De fait, selon la Convention de Vienne ratifiée par la France en 1968, les conducteurs doivent rester maîtres de leur véhicule « en toutes circonstances ». Ces termes, qui s’appliquaient aussi aux véhicules autonomes, laissaient la responsabilité sur les épaules du conducteur. Et ce, même si l’ordinateur de bord avait par lui-même décidé d’accélérer ou de donner le coup de volant fatidique.
Le nouveau cadre législatif dans lequel évolueront les véhicules de niveau 3 représente un changement de paradigme. Si l’équipement de conduite autonome est activé, la responsabilité sera transférée du conducteur au constructeur du véhicule. C’est au 1er septembre que la bascule a eu lieu dans les conditions évoquées plus haut (route interdite aux piétons et cyclistes, terre-plein central, vitesse inférieure à 60 km/h). Un cadre qui devrait être élargi à la circulation jusqu’à 130 km/h dès l’année prochaine.
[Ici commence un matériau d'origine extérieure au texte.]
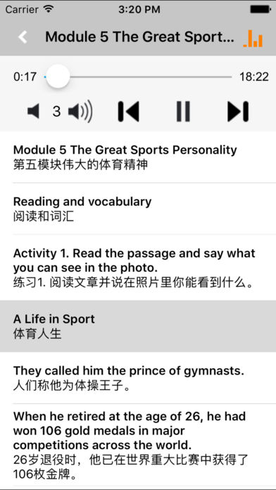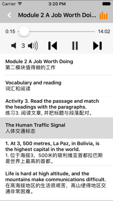 *全套原版录音和教材完全同步,助您成为英语大明星。 *根据课本配套,此应用为外研版新标准高中英语必修5完全最新版。 *涵盖全部内容,包括全部课程对话和常用句子、单词列表、复习章节等。 *操作简便、携带方便,永远告别磁带和光盘。 【新梦想】教育应用系列完全同步教材制作,内容完全一致,您可以使用它来进行课文学习,播放教材配套音频,发音纯正地道,寓教于乐,让学习更高效和有趣。 该应用界面简洁操作简单,让孩子在舒适的环境下学习,能点,能读,更能说,是中学生的好老师、好家长。 功能特色 ■中英文双语对照,同步语音,准确清晰。 ■内容与录音质量放心,地道纯正、原汁源味。 ■语音播放灵活,即点即学,跟读模仿随时随地。 ■完全同步教材制作,内容完全一致。 ■后台播放人性化,锁屏状态可随身听读。 ■界面简单大方,意图明了,功能实用,操作方便。 用我们的责任心、爱心、细心地去点燃学生们的梦想,让有梦想的孩子们慢慢的变化!学习成绩逐步提高,慢慢的,他们又有了新梦想,如此反复...... 让中学生中英文双语对照,发音准确清晰,是中学生自学的好老师,把家长从繁琐的辅导解答中解放出来! 【新梦想】教育应用系列,快乐中学习,轻松点一点,英语真容易! —【新梦想】教育应用系列— 适用于多种教学场景,您可以更加便捷地进行碎片化学习,期待您的使用! 致力于为中国K12教育提供最优秀的互联网教育软件! 新梦想乐园,伴随青少年健康快乐的成长! *****软件功能***** 1.通用应用,同时支持iPhone,iPod touch,iPad设备 2.可以自动顺序播放功能 3.可以自动记录播放位置,不用担心下次找不到听到哪 4.支持离线播放,即使不联网也一样听,到哪都不怕 5.支持手动拖拽前进、后退播放 6.在兼顾软件容量以及更多课程的情况下,我们最大限度保证音频的高质量,每个有声读物片段都是经过我们精选和亲测 7.最最重要的功能,可以拖动字幕定位,音频随之定位 本应用与《普通高中课程标准实验教科书外研版新标准高中英语必修5》课本同步 新版目录: MODULE 1 British and American English MODULE 2 A Job Worth Doing MODULE 3 Adventure in Literature and the Cinema MODULE 4 Carnival MODULE 5 The Great Sports Personality MODULE 6 Animals in Danger MODULE 7 Revision Appendices Notes to the Texts Grammar Words List

A ce moment-là, les véhicules de dernière génération pourront réaliser des déplacements à pleine vitesse sur l’autoroute en toute autonomie – tant sur le plan technique que juridique.
Les constructeurs en embuscade
Quelques pionniers de la conduite autonome ont déjà sorti des modèles capables d’atteindre le niveau 3. Honda a ouvert le bal avec sa Legend, suivie en Europe par Mercedes avec sa S-Class et l’EQS.
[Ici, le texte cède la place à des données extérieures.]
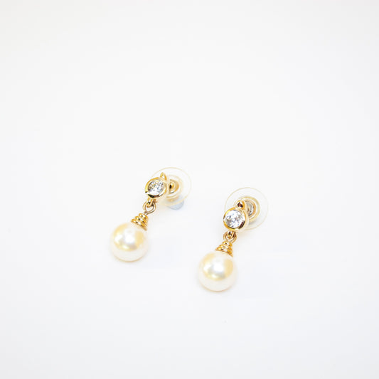 Christian Dior Vintage Pearl and Rhinestone Golden Earrings
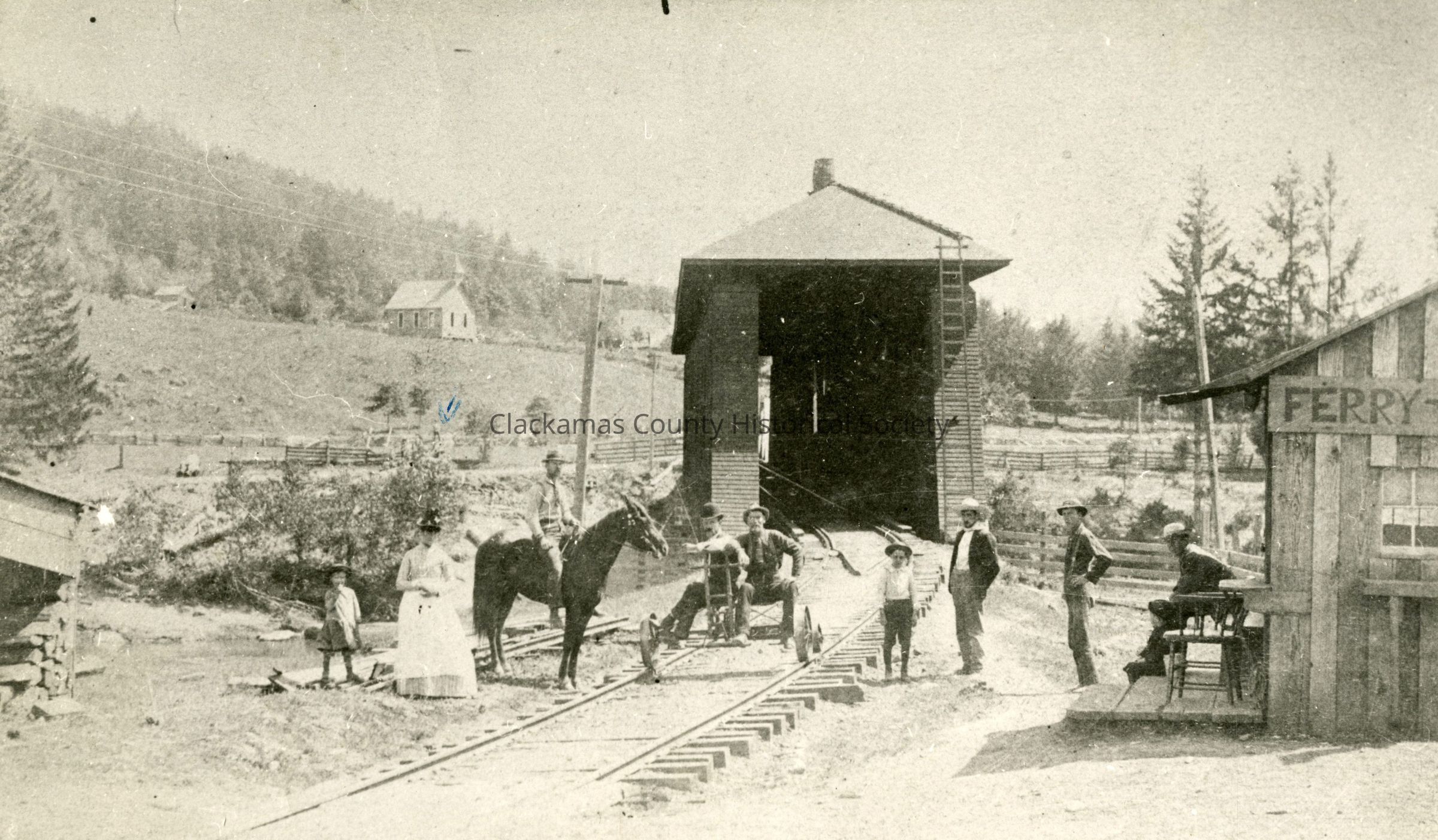 Covered Railroad Bridge at Park Place. Cross family in view. Park Place School on hill.

Mais la contrepartie de la remise à plat législative qui permet de décaler les responsabilités du conducteur vers le constructeur est que chaque modèle devra être indépendamment homologué. Si le principe de base d’une autorisation de circulation est partagé dans toute l’Europe, chaque pays dispose de règles de conduite et de signalisation routière propres.
BMW, Hyundai, Stellantis, Volkswagen se tiennent prêts à dégainer leurs modèles
Résultat des courses : l’homologation aura lieu non seulement modèle par modèle, mais aussi pays par pays. Les constructeurs feront donc un calcul de rentabilité pour savoir s’il est intéressant d’homologuer leurs véhicules autonomes pour chaque pays-cible, et nous assisterons à un morcèlement du marché automobile européen.
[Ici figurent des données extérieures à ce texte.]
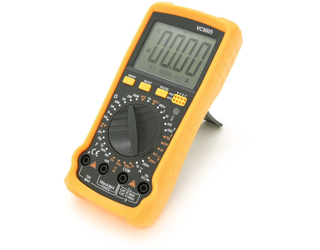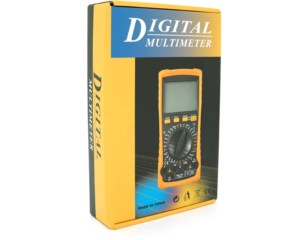 | Мультиметр VC-9805 – це універсальний цифровий прилад для вимірювання широкого спектру електричних та електронних параметрів. Він відмінно підходить як для професійного використання електриками, інженерами та техніками, так і для домашніх майстрів, які займаються ремонтом, діагностикою та монтажем електроустаткування. Пристрій зручний у роботі, відрізняється високою точністю, надійністю та простотою у використанні. Підходить для вимірювань постійної та змінної напруги, струму, опору, ємності, індуктивності, частоти та температури. Також прилад підтримує тестування діодів, транзисторів та логічних схем, звукове продзвонювання ланцюгів та оснащений корисними функціями, що полегшують роботу. Характеристики: • Вимірювані величини: напруга (V), струм (A), опір (R), ємність (C), індуктивність (L), частота (F), температура (T) • Постійна напруга: до 1000 В • Змінна напруга: до 700 В • Постійний та змінний струм: до 20 А • Опір: до 20 МОм • Місткість: до 200 мкФ • Індуктивність: до 20 Гн • Частота: до 10 МГц • Температура: до 1000 °C • Звуковий дзвінок ланцюга: є • Тест діодів: є • Тест транзисторів: є • Тест логічних схем: є • Функція утримання показань (HOLD): є • Підсвічування дисплея: є • Індикатор розряду батареї: є • Автовимикання: є • Розрядність дисплея: 1999 • Кількість роз`ємів: 4 • Робоча температура: від 0 до 40 ° C, вологість до 80% • Розміри: 190 х 89 х 28 мм • Вага: 0,32 кг Комплектація: • Мультиметр VC-9805 • Вимірювальні щупи • Батарея 9 типу «Крона» (можна бути встановлена) • Інструкція з експлуатації • Фірмова картонна упаковка Застосування: Мультиметр VC-9805 ідеальний для ремонту та діагностики електроніки, перевірки електромереж, вимірювань в автомобільній електроніці, налаштування та перевірки систем опалення та кондиціювання, а також у навчальних цілях. Це надійний інструмент для тих, хто цінує точність, функціональність та зручність у роботі. |

La bonne nouvelle est que la France reste un des pays les plus intéressants pour les constructeurs automobiles. Il est, juste après l’Allemagne, le deuxième pays en termes de ventes annuelles de véhicules neufs – devant l’Espagne, l’Italie et la Pologne, dont le pouvoir d’achat des ménages est bien moindre. Ainsi, les conducteurs français devraient faire partie de ceux qui pourront choisir parmi l’offre la plus diversifiée en matière de véhicules intelligents.
Déjà, BMW, Hyundai, Stellantis et Volkswagen ont annoncé avoir dans leurs cartons des véhicules autonomes de niveau 3. Lorsque la conduite autonome sera une réalité, y compris sur autoroute à pleine vitesse, changer de voiture pour un modèle plus récent offrira, pour la première fois depuis l’invention de l’automobile, une expérience de voyage sensiblement différente.
Selon le cabinet international de conseil en stratégie A.T. Kearney, le marché de la conduite autonome est estimé à plus de 500 Mds€. De quoi redonner des couleurs aux résultats des constructeurs automobiles, et le sourire à leurs actionnaires dont la patience est mise à rude épreuve depuis deux ans.